Within these three categories, the four levels of intellectual disability are generally defined as follows:

  • Mild IDD: People who demonstrate independence in most areas of daily living and require ad hoc support only in situations of change or crisis.

  • Moderate IDD: People who need limited support in all areas of daily living, which is given regularly for short periods of time in order to learn, practice, and become competent in using all their skills.

  • Severe IDD: People who need increased, regular support i.e., not limited in time in all areas of daily living in order to function actively. Without such support, individuals are unable to fulfill their basic needs.

  • Profound IDD: People who need immediate support from an external support provider in fulfilling actions in all areas of daily living [6].

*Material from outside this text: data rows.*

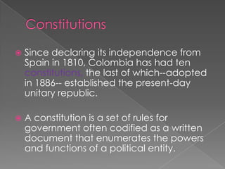 The document discusses Colombia's constitutions since independence from Spain in 1810. It notes that Colombia has had ten constitutions, with the current constitution established in 1886. The constitutions addressed the division of powers between branches of government, the strength of the executive branch, and the role of the Roman Catholic Church. The constitutions also dealt with issues like central government versus federalism, civil liberties, and political rights.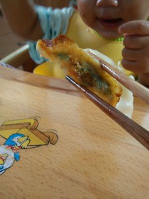 等的有点心急吧,全程需要几分钟,慢慢的面粉水里的水蒸发掉了,出现了好看的冰花孔洞,看看图片上的冰花部分是不是有点白,说明里面还有水,这样还不行,等着都变成金黄色就可以了,轻轻碰一下饺子,饺子轻松和锅子分离,慢慢取出饺子,就成功了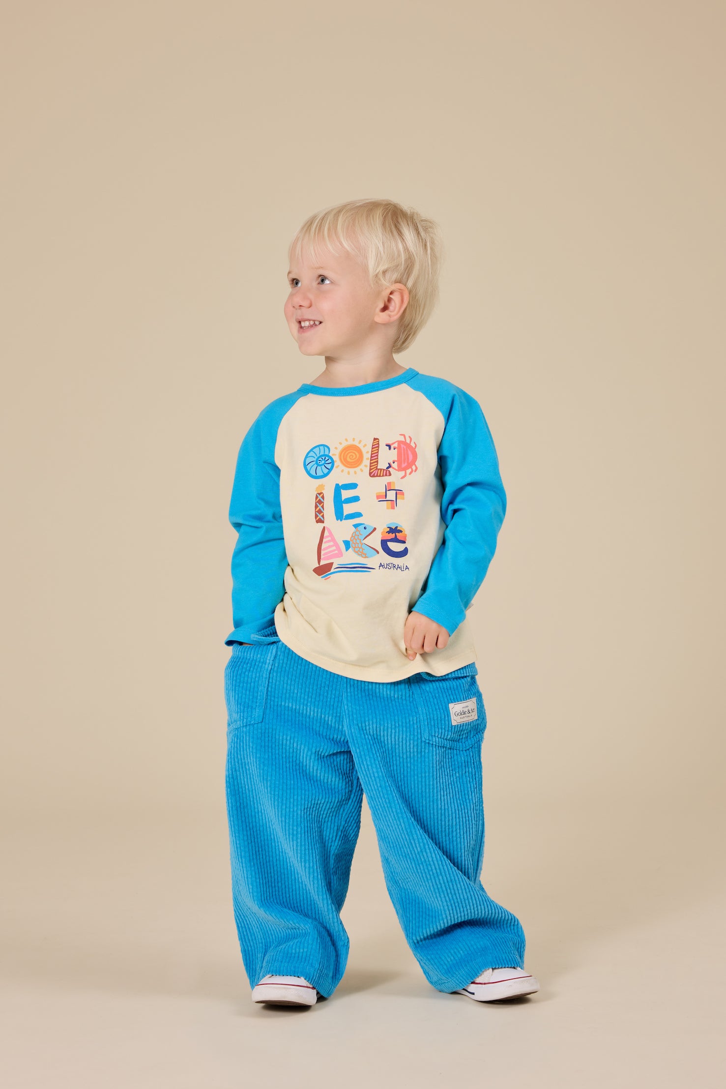 True to size. Relaxed fit raglan style long sleeve top. Hand drawn Australiana print. Snap buttons on neck up to size 2 for easy dressing.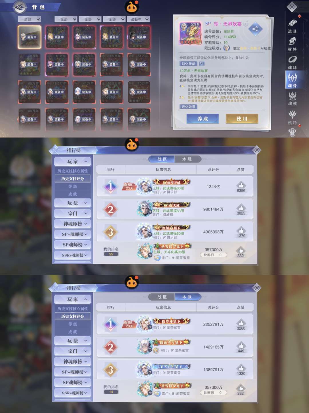 39亿战力。70级。彩2大荣22sp。彩5剑仙。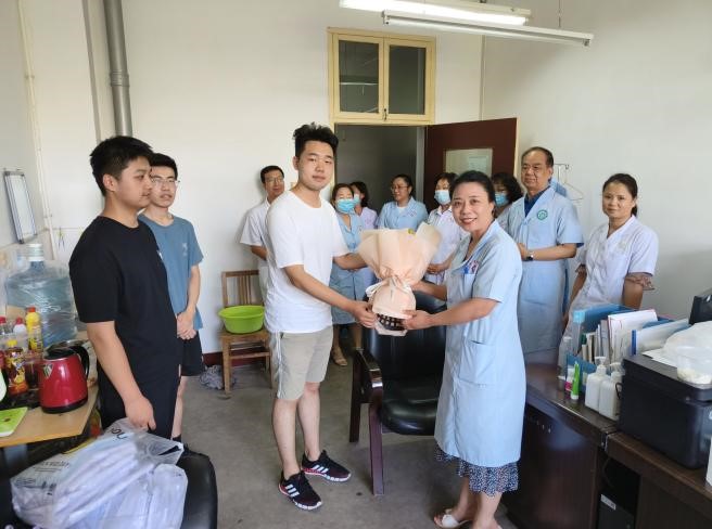 6月28日下午,米兰milan学生党员、学生干部、省级优秀毕业生付浩然、洪华君、崔文达等20余名毕业生手捧鲜花分组看望学校后勤处、校医院、保卫处、9号学生公寓以及5号学生公寓,表达机械学子的感恩之心。

Therefore, IDD is a comprehensive term covering cognitive and physical limitations resulting from central nervous system dysfunction, surfacing in childhood with lifelong consequences [7].

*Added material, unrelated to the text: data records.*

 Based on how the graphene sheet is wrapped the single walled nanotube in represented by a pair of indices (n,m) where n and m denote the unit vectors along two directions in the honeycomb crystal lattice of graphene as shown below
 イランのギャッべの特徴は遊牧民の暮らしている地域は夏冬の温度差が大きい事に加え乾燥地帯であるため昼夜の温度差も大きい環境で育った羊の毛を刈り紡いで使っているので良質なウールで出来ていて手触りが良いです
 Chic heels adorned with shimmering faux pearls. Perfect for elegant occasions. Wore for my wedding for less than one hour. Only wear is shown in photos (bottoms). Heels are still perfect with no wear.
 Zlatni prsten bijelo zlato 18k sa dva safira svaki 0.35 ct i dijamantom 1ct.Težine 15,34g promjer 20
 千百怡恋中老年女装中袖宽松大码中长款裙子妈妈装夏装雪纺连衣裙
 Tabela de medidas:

IDD can arise from a variety of causes, encompassing genetic, environmental, and perinatal factors. Genetic mutations, either through additions, deletions, or alterations in specific genes or chromosome abnormalities, contribute significantly to the onset of IDD. Exposure to harmful substances during pregnancy, such as alcohol or infections, can adversely impact fetal development, manifesting in various cognitive and neurological impairments [8]. Moreover, preterm births, complications during childbirth, and traumatic brain injuries stand as significant contributors to the complex etiology of IDD [9].

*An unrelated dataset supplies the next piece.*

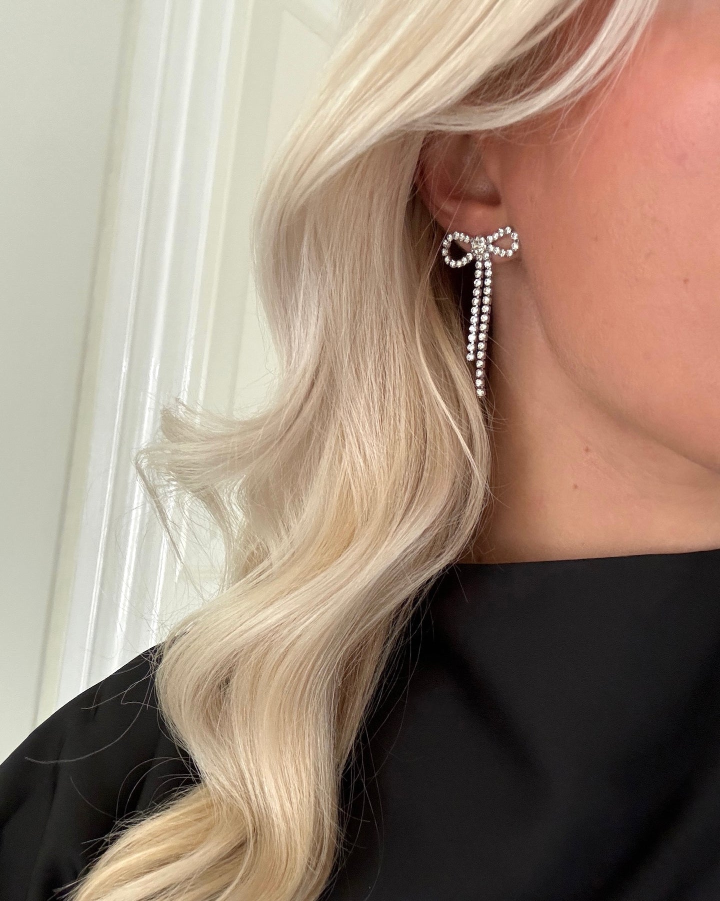 Elegante sløjfe øreringe i sølv med fine rhinesten.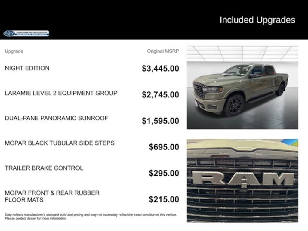 Key Chrysler Dodge Jeep Ram of White River is proud to present you with another True Market Priced Vehicle. This 2026 Ram 1500 Laramie is loaded with the following Factory Options: Laramie Level 2 Equipment Group (14.4" Touchscreen Display, 4G LTE Wi-Fi Hot Spot, Cluster 12" TFT Color Display, Connected Travel and Traffic Services, Connectivity - US/Canada, Front Passenger Interactive Display, GPS Navigation, Harman/Kardon 19 Speaker Premium Sound, Integrated Center Stack Radio, Integrated Voice Command with Bluetooth, Power Tailgate, Radio: Uconnect 5 Nav with 14.4" Display, Rain Sensitive Windshield Wipers, SiriusXM Radio Service, SiriusXM with 360L, and USB Host Flip), Night Edition (Accent Color Door Handles, Accent Color Premium Power Mirrors, Accent Color Tailgate Handle, Anti-Spin Differential Rear Axle, Auto Power-Folding Mirrors, Auto-Dimming Exterior Driver Mirror, Black Exterior Truck Badging, Black Headlamp Bezels, Black Interior Accents, Black Painted Exterior Mirrors Caps, Black Tail Lamp Bezels, Body Color Front Bumper, Body Color Rear Bumper with Step Pads, Convex Wide-Angle Exterior Mirror Insert, Dual Exhaust with Black Tips, Exterior Mirrors Approach Lamps, Exterior Mirrors Courtesy Lamps, Exterior Mirrors with Heating Element, Exterior Mirrors with Memory, Exterior Mirrors with Supplemental Signals, Grille Surround 3 Black Texture 2 Black, Pirelli Brand Tires, Proximity Approach/Departure Lamps, RAM Grille Badge - Black, Sport Performance Hood, and Wheels: 22" x 9" Forged Aluminum), Quick Order Package 21H Laramie, 10 Speakers, 3.55 Rear Axle Ratio, 4-Wheel Disc Brakes, ABS brakes, Active Noise Control System, Air Conditioning, Alloy wheels, AM/FM radio: SiriusXM with 360L, Apple CarPlay/Android Auto, Audio memory, Auto High-beam Headlights, Auto-dimming door mirrors, Auto-dimming Rear-View mirror, Automatic temperature control, Brake assist, Bumpers: chrome, Chrome Exterior Mirrors, Compass, Delay-off headlights, Dome Dual LED Reading Lamp, Driver door bin, Driver vanity mirror, Dual front impact airbags, Dual front side impact airbags, Dual-Pane Panoramic Sunroof, Electronic Stability Control, Front anti-roll bar, Front Bucket Seats, Front Center Armrest w/Storage, Front dual zone A/C, Front fog lights, Front License Plate Bracket, Front reading lights, Front wheel independent suspension, Fully automatic headlights, Garage door transmitter, Heated door mirrors, Heated front seats, Heated rear seats, Heated steering wheel, Illuminated entry, Leather steering wheel, Leather Trimmed Bucket Seats, LED Dome/Reading Lamp, Low tire pressure warning, Manufacturer's Statement of Origin, Memory seat, Mopar Black Tubular Side Steps, MOPAR Front and Rear Rubber Floor Mats, Navigation System, Occupant sensing airbag, Off-Road Information Pages, Outside temperature display, Overhead airbag, Overhead console, Panic alarm, ParkView Rear Back-Up Camera, Passenger door bin, Passenger vanity mirror, Power door mirrors, Power driver seat, Power passenger seat, Power steering, Power windows, Radio data system, Radio: Uconnect 5 Navigation with 12.0" Display, RAM Grille Badge - Chrome, Rear anti-ro

The World Health Organization and other leading organizations within the realm of IDD perceive IDD as a dynamic phenomenon that may change over time [10]. This change derives from the understanding that a person with IDD can improve his functioning in most living areas through personally customized programs and suitable support [10]. On the other hand, an individual with IDD can demonstrate relapse in his abilities against the background of functional and medical problems, which showed higher prevalence compared to the general population [1]. Especially when severe and profound IDD is concerned, additional severe neurological and psychiatric co-morbidity is also often diagnosed, which is expressed, among others, in defects in the communicative, academic, physical, and behavioral functioning in the various environments [1, 11, 12, 13, 14].

Co-morbidity, which characterizes this population, makes it more “fragile” than the normative population [15], with significantly increased health needs which in practice lead to relatively many hospitalizations and excessive use of drugs, the efficiency of which is not always apparent [16]. All these require the intervention of healthcare professionals [17] and providing increased customized care.

Moreover, the multiple medical needs in this population constitute a financial burden to the families and the health and welfare system [18]. Therefore, there are quite a few recommendations in the research literature to try to improve the control and therapy systems by institutionalizing multi-systemic mechanisms supported by cost-effective and efficient medical screening tools, enabling cost reduction [18].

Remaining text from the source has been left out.